Where technology meets compassion.
OpenPredictor uses a carefully developed machine learning model to predict patient’s risk of post-operative complications, aiding medical professionals’ decision-making and helping hospitals optimise their pre-operative pathways for elective surgery.
OpenPredictor is currently being used in hospitals in the UK aimed at supporting hospitals to streamline and reduce the costs of pre-operative assessment pathways and help tackle extended waiting times and the backlog in elective surgery.
Features & Benefits
By accurately identifying each patient’s risk level for their operation, OpenPredictor empowers healthcare providers to streamline elective pre-assessment pathways and identify early opportunities to optimise patient health.
When integrated into a hospital system, clinicians can seamlessly access a patient’s report and risk level, ensuring efficient and informed decision-making.
At a click, staff can review predicted risk levels for entire cohorts of waiting patients, to help support optimal patient allocation, increased usage of elective hubs and ambulatory services, and increased productivity for pre-assessment teams.
With improved waiting list management, hospitals can make efficient use of elective hubs or ambulatory services, and better allocate patients to pre-surgical preparation initiatives, reducing last-minute cancellations.
OpenPredictor is proven to predict patient risk to an accuracy comparable to a trained clinician.
OpenPredictor is registered as a medical device able to provide clinical support in the pre-assessment pathway.
Responsible Development
The stakes involved in using medical software are very high. Throughout its development, OpenPredictor has been recognised as a beacon of good practice and safety in machine learning. As a useful framework, the development of OpenPredictor follows UK governments AI Regulatory Principles.
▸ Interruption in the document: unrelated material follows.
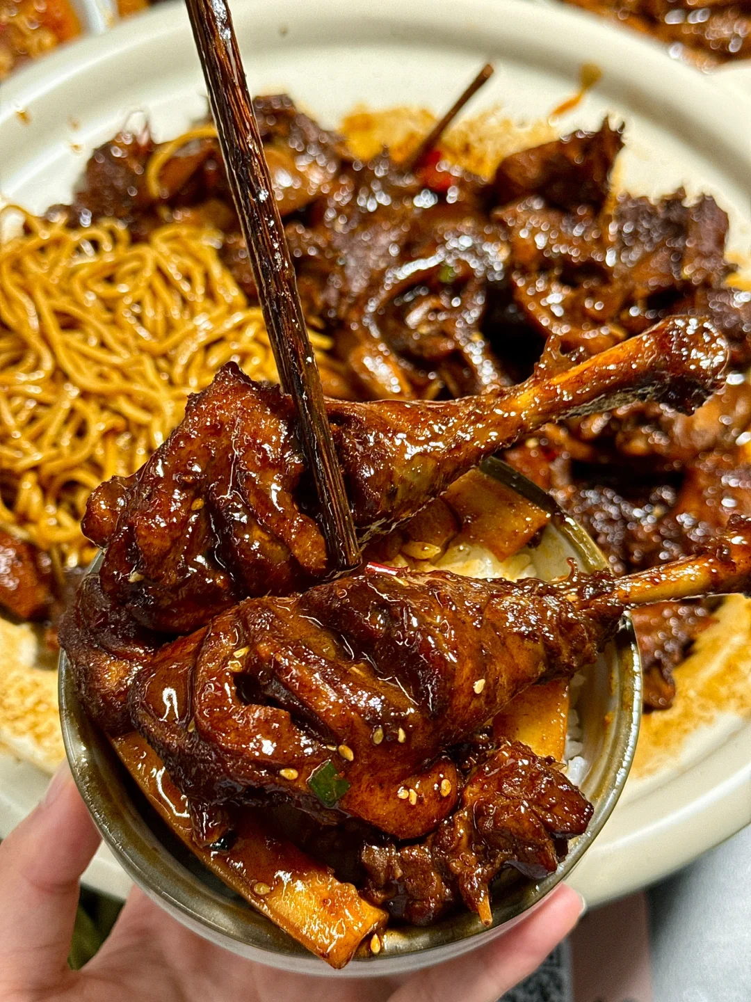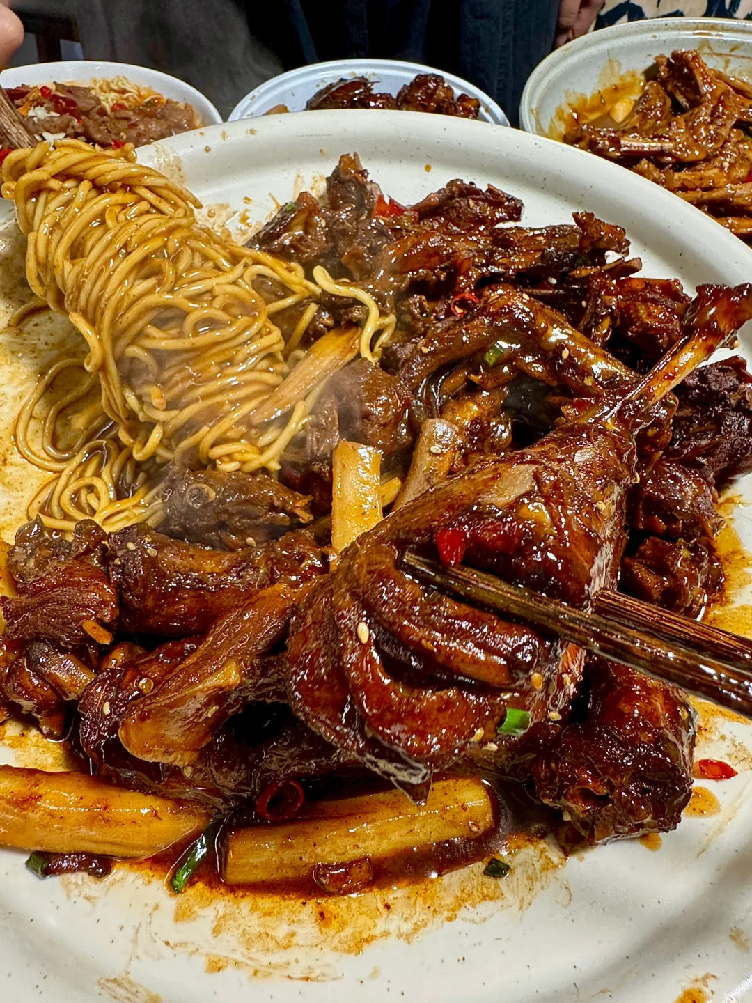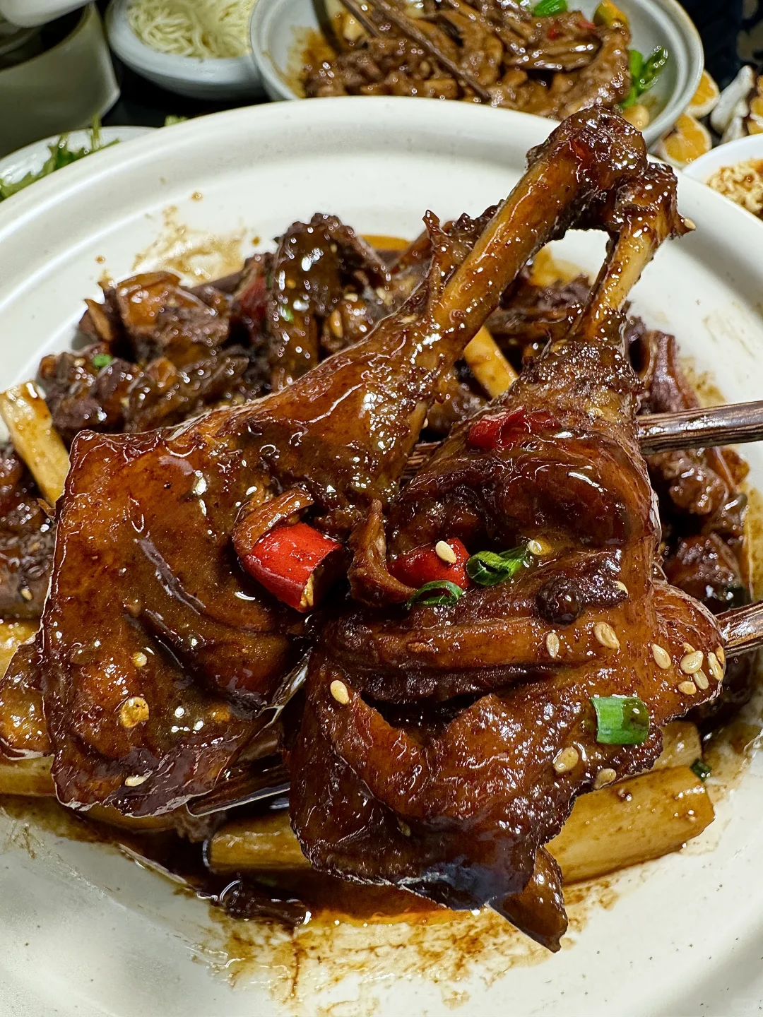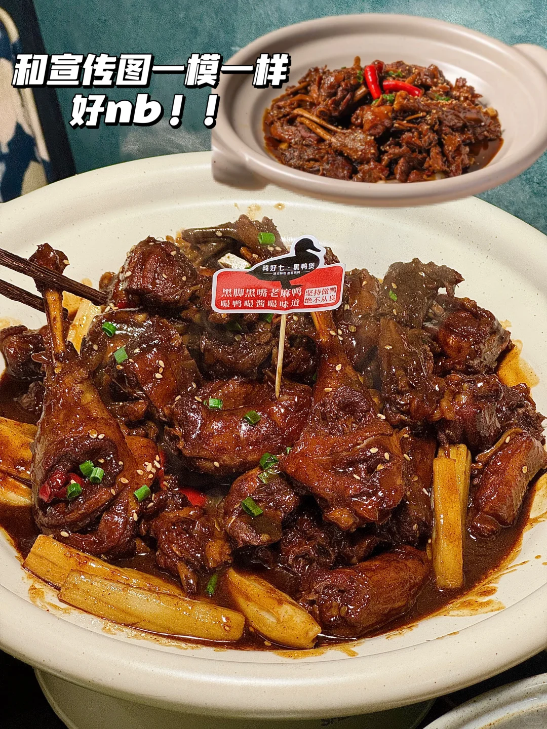 上海终于开了😭😭😭就在人民广场! 吃到了贼贼好吃的黑鸭煲!!! 每一块鸭肉都裹满了甜辣口的酱汁,记得一定要加一份武汉热干面🍜好吃加倍!辣度也是刚刚好,不会是那种死辣死辣的🥵 还有香糯鸭掌爪、烧椒牛肉煲都很好吃!
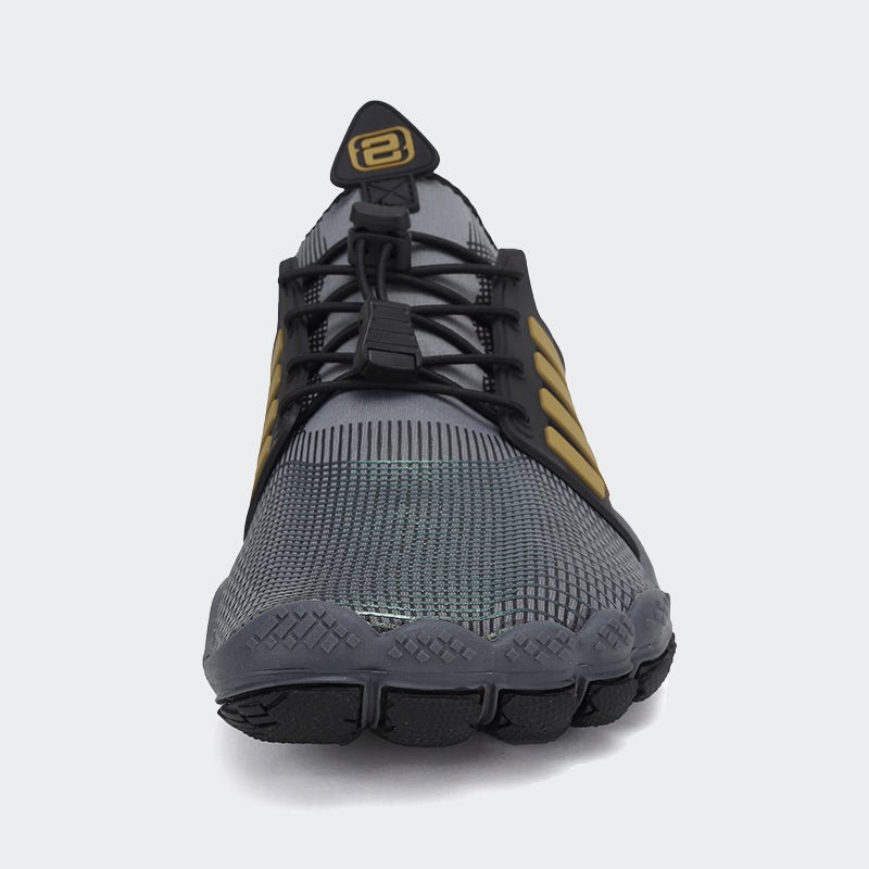 - Der Zehenbereich ist verbreitert. um die Griffigkeit zu verbessern. Der Zehenbereich des Barfußlaufschuhs ist breiter als der eines herkömmlichen Sportschuhs und verleiht deinen Füssen verbesserte Griffigkeit.

Safety, security and robustness:
Nothing we build is used in a medical setting until we know, and have clinically proven, that it is safe to do so. We understand the risks of using AI in healthcare and we take every precaution we can to ensure our technology remains safe.
Transparency and explainability:
We are open about how our product has been developed and what it does. When we work with healthcare providers, we work collaboratively so that they know, at every step of the way what we are doing and why we are doing it.
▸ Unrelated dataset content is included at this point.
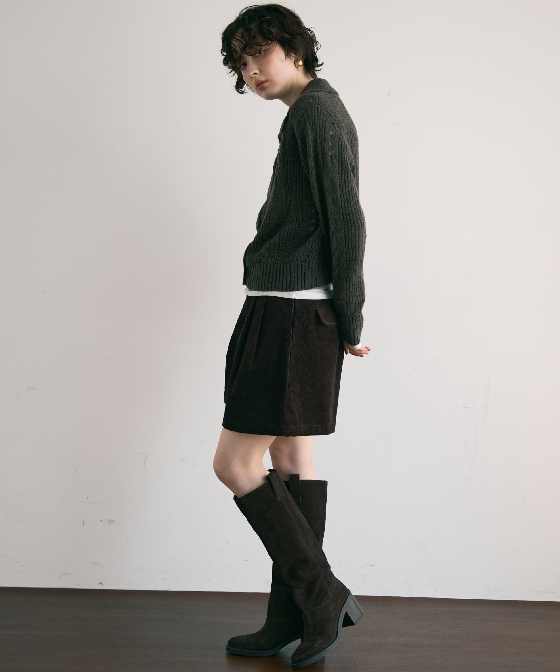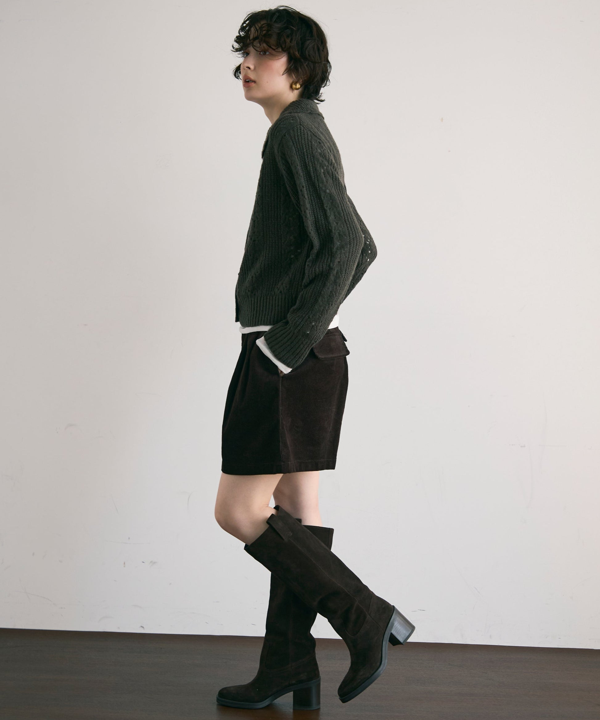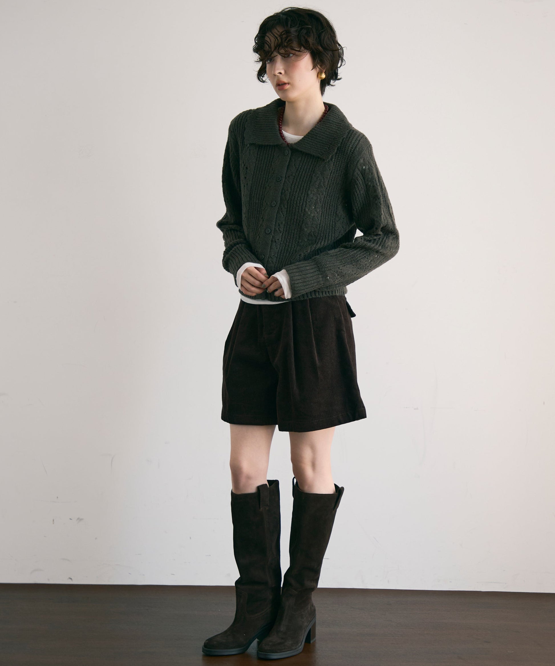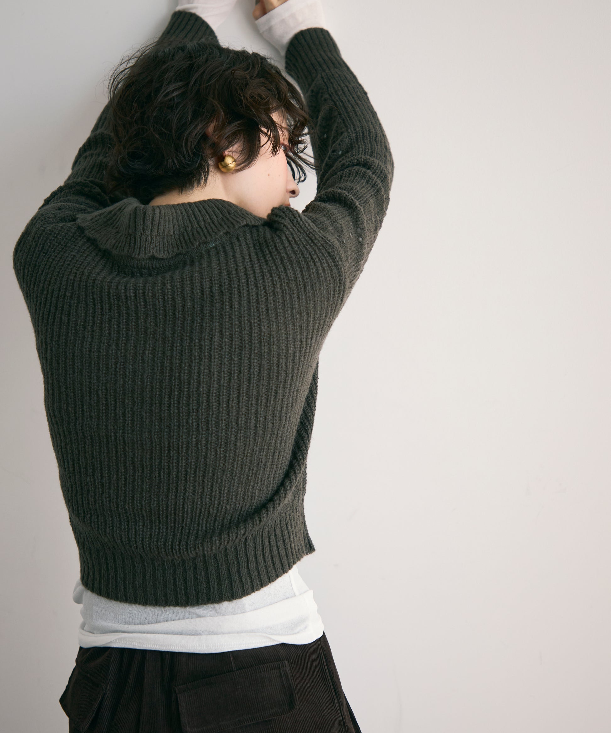 クラシカルなポロ襟デザインに、ふわっとアイレット編みを取り入れたニットカーディガン。

Build into OpenPredictor’s are explainability tools, that allow us to trace and explain the outcomes it produces. When working with different datasets and service providers, the performance of the model can change. Being able to track why, helps us keep our stakeholders informed.
Fairness:
We recognise that there are variations in data and the way it’s collected that can propagate biases when used with machine learning. Our work on understanding these and detailing where protected characteristics and the impact they have on model performance ensures that we develop models that are fair across the populations to we serve.
We monitor OpenPredictor’s machine learning models for changes in the data that can allow biases to be introduced over time and adjust how we train it to reduce healthcare-related inequities. We take proactive approach to the post-deployment surveillance of our models to identify and reduce inequities.
Accountability and governance:
As with any medical device, oversight is crucial to ensuring that OpenPredictor is used safely and in a way that benefits patients. Ensuring accountability and outcome review measures are in place is a central part of how we implement our software in healthcare practice.
We work with healthcare providers to ensure that it is used safely and with supervision according to its intended use as a clinical decision aid to ensure a chain of accountability is maintained.
Contestability and redress:
Patients are our most important stakeholders, and they should understand how our software fits into their care so that they can hold us to account. We work with healthcare providers so that our role in healthcare is always well understood and contestable by our stakeholders.
We periodically review model performance and outcomes to ensure that OpenPredictor remains beneficial to the healthcare provider.
Technical Details
OpenPredictor is a machine learning tool that has been trained on anonymised patient data to give a prediction for post-operative complications for different patients.
When a set of patient data is run through the software, OpenPredictor will measure the data against the machine learning model it has developed to produce a predicted risk level. This can then be used by trained clinicians to support their decision-making regarding patient treatment.
The software uses Azure Machine Learning Studio (AML) to train its model and Microsoft Responsible AI Tools to support understandability when analysing outputs.
The polynomial logistic regression model used by the software has been determined through years of research and testing to ensure that it deals with the specific nature of patient medical data as effectively as possible.
OpenPredictor’s user interface is designed to be as easy to use as possible. This has been done by developing the front-end tool according to the specifications of the NHS advisory toolkit.